[Data records]

----

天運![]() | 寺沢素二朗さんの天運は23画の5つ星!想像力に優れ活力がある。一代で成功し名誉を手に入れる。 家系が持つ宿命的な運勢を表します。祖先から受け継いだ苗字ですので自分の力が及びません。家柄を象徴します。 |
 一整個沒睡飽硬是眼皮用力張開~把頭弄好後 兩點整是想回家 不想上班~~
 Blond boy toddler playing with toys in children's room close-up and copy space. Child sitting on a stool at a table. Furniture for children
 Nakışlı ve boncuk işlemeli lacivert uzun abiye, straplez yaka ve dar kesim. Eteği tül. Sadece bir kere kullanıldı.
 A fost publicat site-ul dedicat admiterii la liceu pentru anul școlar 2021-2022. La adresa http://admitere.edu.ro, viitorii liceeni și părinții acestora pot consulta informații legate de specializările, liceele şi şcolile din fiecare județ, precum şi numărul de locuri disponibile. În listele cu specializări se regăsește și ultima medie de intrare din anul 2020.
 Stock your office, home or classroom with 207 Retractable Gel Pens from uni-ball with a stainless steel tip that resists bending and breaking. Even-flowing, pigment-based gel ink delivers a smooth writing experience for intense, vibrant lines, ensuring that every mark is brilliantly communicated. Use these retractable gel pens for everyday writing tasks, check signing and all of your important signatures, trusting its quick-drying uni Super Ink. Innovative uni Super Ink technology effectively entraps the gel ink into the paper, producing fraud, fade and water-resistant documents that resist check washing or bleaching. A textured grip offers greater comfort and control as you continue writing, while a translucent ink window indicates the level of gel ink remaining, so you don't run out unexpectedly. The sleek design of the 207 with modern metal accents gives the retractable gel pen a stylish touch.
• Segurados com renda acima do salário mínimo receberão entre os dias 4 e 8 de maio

----

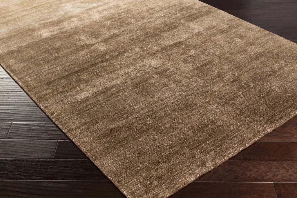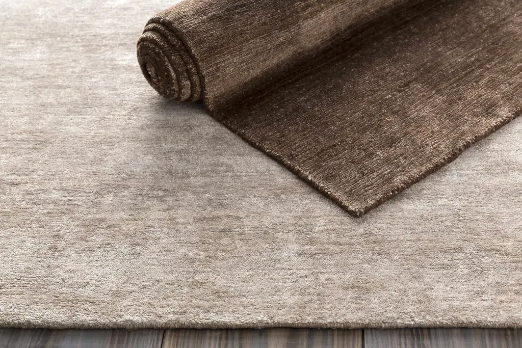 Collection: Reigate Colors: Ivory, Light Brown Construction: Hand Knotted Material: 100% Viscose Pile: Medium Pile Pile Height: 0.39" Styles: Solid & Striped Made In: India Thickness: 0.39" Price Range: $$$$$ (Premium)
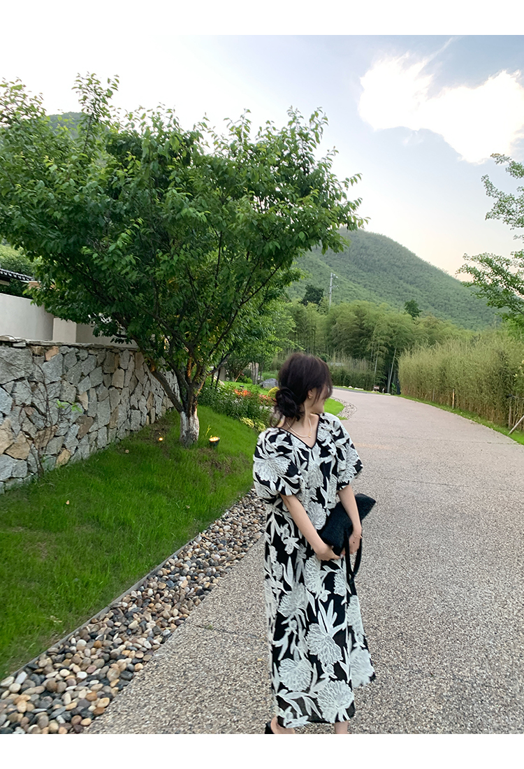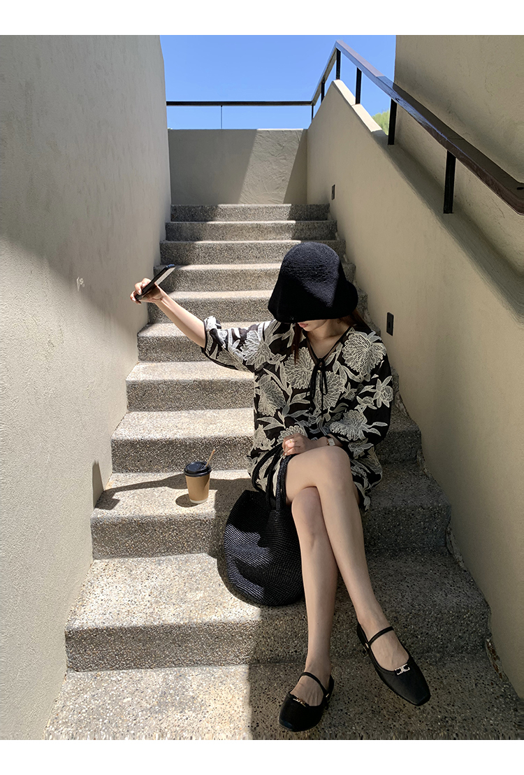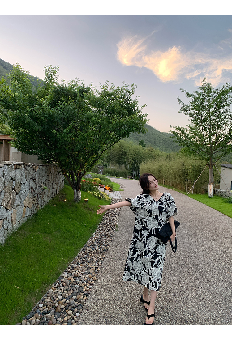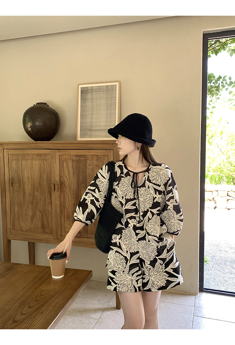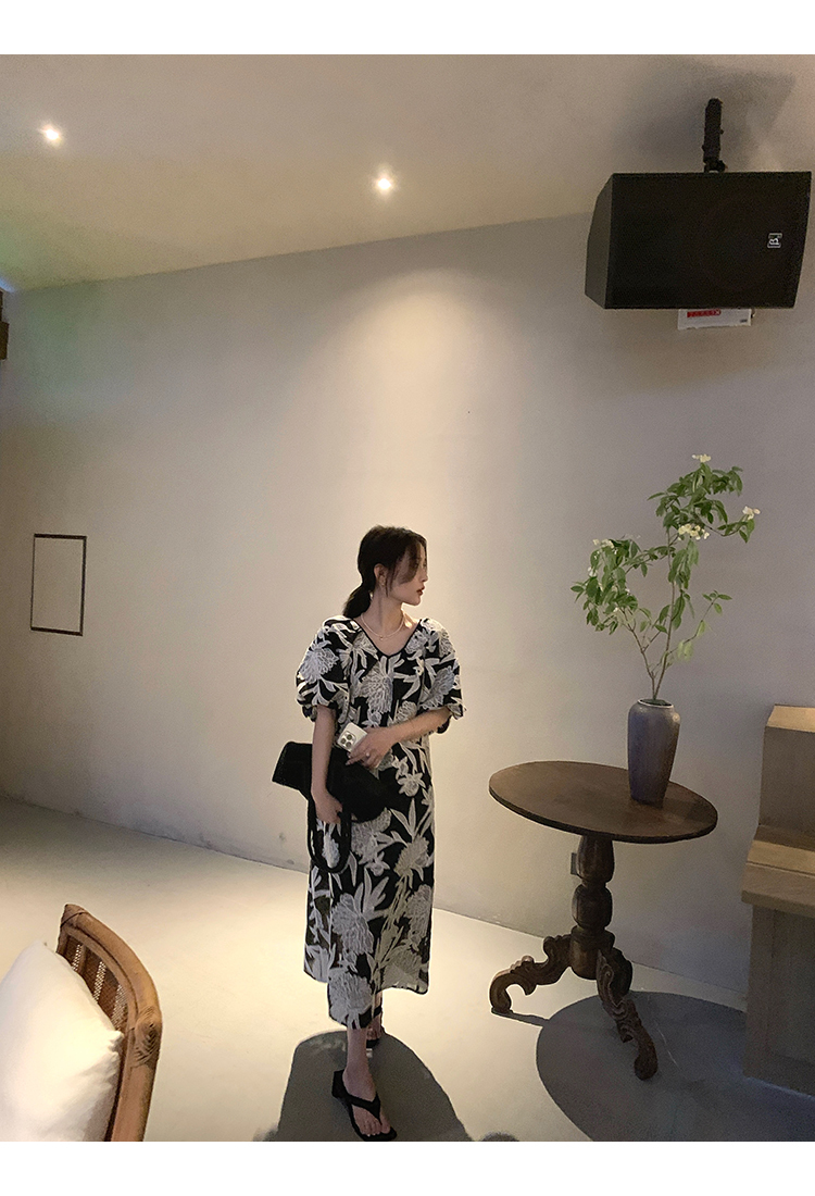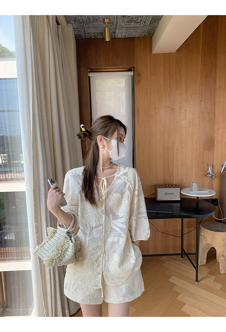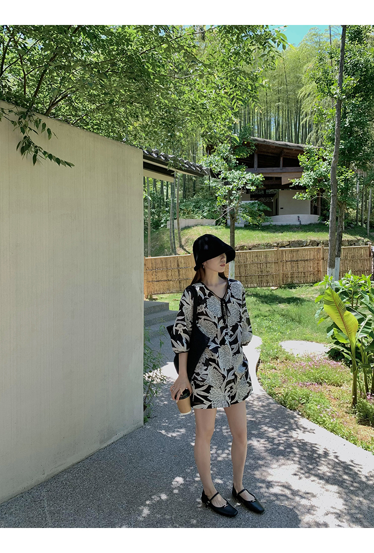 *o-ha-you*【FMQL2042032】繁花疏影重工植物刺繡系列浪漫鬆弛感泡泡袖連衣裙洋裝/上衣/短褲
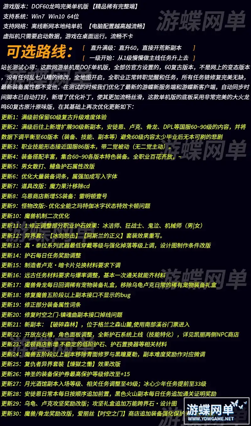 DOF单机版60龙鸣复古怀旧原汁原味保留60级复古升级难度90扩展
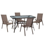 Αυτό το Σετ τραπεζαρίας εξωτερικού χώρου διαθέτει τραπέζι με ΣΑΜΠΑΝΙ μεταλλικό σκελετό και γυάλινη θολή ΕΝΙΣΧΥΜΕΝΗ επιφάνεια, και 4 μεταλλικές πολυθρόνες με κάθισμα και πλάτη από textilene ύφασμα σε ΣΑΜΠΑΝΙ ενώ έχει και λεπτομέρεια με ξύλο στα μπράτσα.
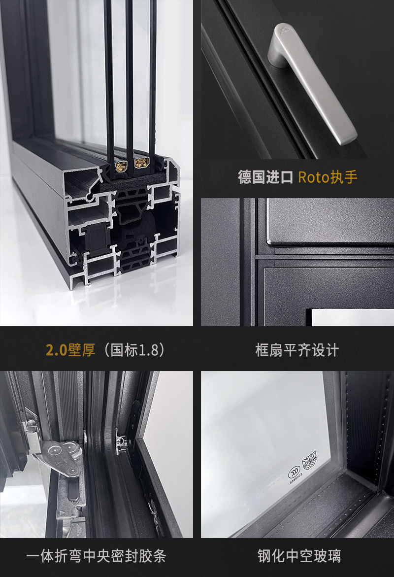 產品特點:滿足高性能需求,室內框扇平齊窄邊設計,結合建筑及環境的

----

TO DO.
Reproduce the lines above, beginning at the line with "Stock your office, home" and stopping after the line with "e 8 de maio", exactly as they are.

ANSWER BOX.
 Stock your office, home or classroom with 207 Retractable Gel Pens from uni-ball with a stainless steel tip that resists bending and breaking. Even-flowing, pigment-based gel ink delivers a smooth writing experience for intense, vibrant lines, ensuring that every mark is brilliantly communicated. Use these retractable gel pens for everyday writing tasks, check signing and all of your important signatures, trusting its quick-drying uni Super Ink. Innovative uni Super Ink technology effectively entraps the gel ink into the paper, producing fraud, fade and water-resistant documents that resist check washing or bleaching. A textured grip offers greater comfort and control as you continue writing, while a translucent ink window indicates the level of gel ink remaining, so you don't run out unexpectedly. The sleek design of the 207 with modern metal accents gives the retractable gel pen a stylish touch.
• Segurados com renda acima do salário mínimo receberão entre os dias 4 e 8 de maio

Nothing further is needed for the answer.